WORK TASK
Repeat, word for word, all the data that follows, and exclude the pictures.

GIVEN DATA
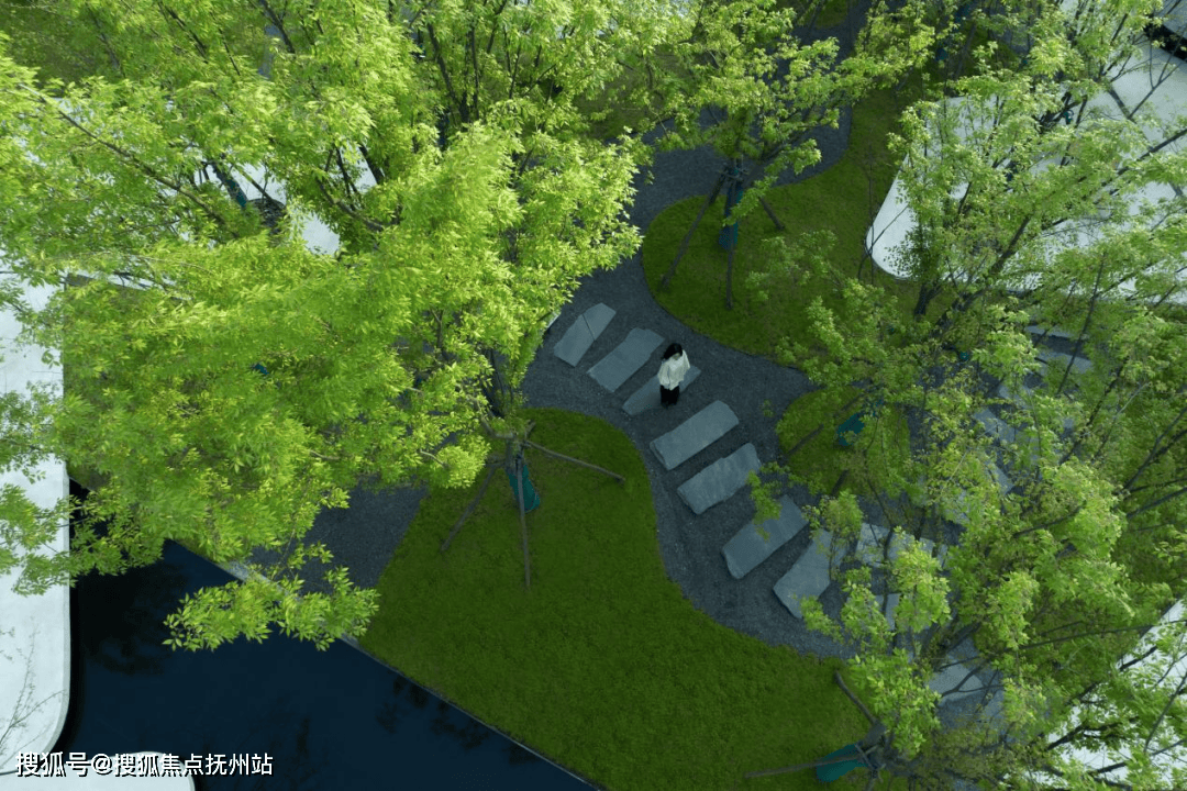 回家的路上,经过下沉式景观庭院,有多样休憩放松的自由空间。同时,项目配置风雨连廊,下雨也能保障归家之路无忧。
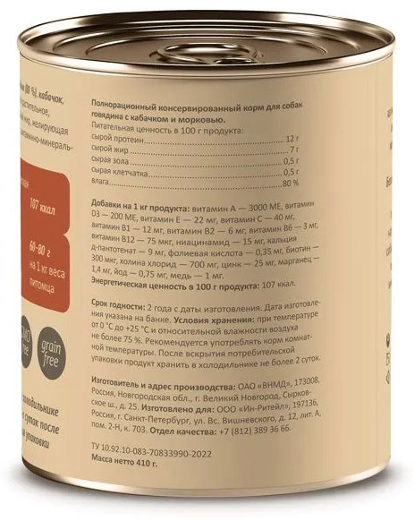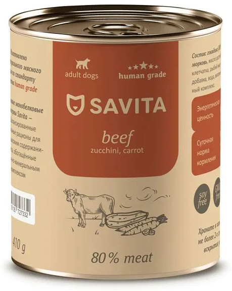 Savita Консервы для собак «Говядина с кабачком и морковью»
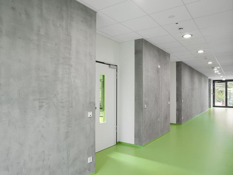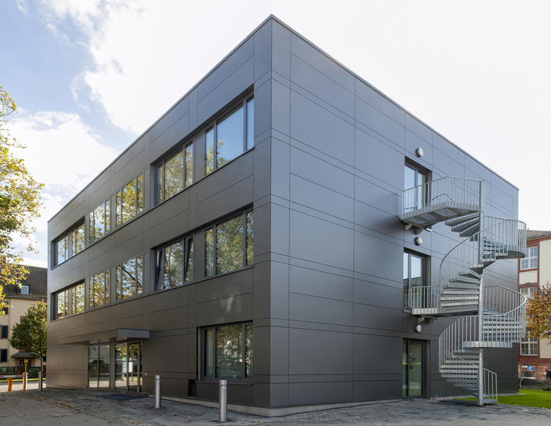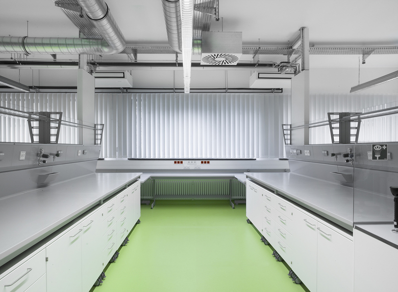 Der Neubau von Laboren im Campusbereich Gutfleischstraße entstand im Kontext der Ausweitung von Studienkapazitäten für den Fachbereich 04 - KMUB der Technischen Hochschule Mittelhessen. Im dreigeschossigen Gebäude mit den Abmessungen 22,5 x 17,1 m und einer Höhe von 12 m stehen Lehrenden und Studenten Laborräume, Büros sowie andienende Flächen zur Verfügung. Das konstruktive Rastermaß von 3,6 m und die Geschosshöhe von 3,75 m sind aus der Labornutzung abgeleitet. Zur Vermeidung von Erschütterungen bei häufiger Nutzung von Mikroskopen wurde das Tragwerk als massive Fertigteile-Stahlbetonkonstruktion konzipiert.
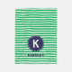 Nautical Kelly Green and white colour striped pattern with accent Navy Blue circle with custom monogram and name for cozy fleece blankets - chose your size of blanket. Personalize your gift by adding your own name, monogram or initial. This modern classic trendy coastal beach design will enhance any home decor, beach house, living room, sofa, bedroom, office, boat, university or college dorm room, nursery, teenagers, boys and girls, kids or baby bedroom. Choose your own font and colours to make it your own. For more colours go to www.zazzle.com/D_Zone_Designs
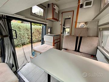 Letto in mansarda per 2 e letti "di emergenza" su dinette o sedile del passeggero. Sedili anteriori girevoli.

SOLUTION FOR THIS PROBLEM
 回家的路上,经过下沉式景观庭院,有多样休憩放松的自由空间。同时,项目配置风雨连廊,下雨也能保障归家之路无忧。
 Savita Консервы для собак «Говядина с кабачком и морковью»
 Der Neubau von Laboren im Campusbereich Gutfleischstraße entstand im Kontext der Ausweitung von Studienkapazitäten für den Fachbereich 04 - KMUB der Technischen Hochschule Mittelhessen. Im dreigeschossigen Gebäude mit den Abmessungen 22,5 x 17,1 m und einer Höhe von 12 m stehen Lehrenden und Studenten Laborräume, Büros sowie andienende Flächen zur Verfügung. Das konstruktive Rastermaß von 3,6 m und die Geschosshöhe von 3,75 m sind aus der Labornutzung abgeleitet. Zur Vermeidung von Erschütterungen bei häufiger Nutzung von Mikroskopen wurde das Tragwerk als massive Fertigteile-Stahlbetonkonstruktion konzipiert.
 Nautical Kelly Green and white colour striped pattern with accent Navy Blue circle with custom monogram and name for cozy fleece blankets - chose your size of blanket. Personalize your gift by adding your own name, monogram or initial. This modern classic trendy coastal beach design will enhance any home decor, beach house, living room, sofa, bedroom, office, boat, university or college dorm room, nursery, teenagers, boys and girls, kids or baby bedroom. Choose your own font and colours to make it your own. For more colours go to www.zazzle.com/D_Zone_Designs
 Letto in mansarda per 2 e letti "di emergenza" su dinette o sedile del passeggero. Sedili anteriori girevoli.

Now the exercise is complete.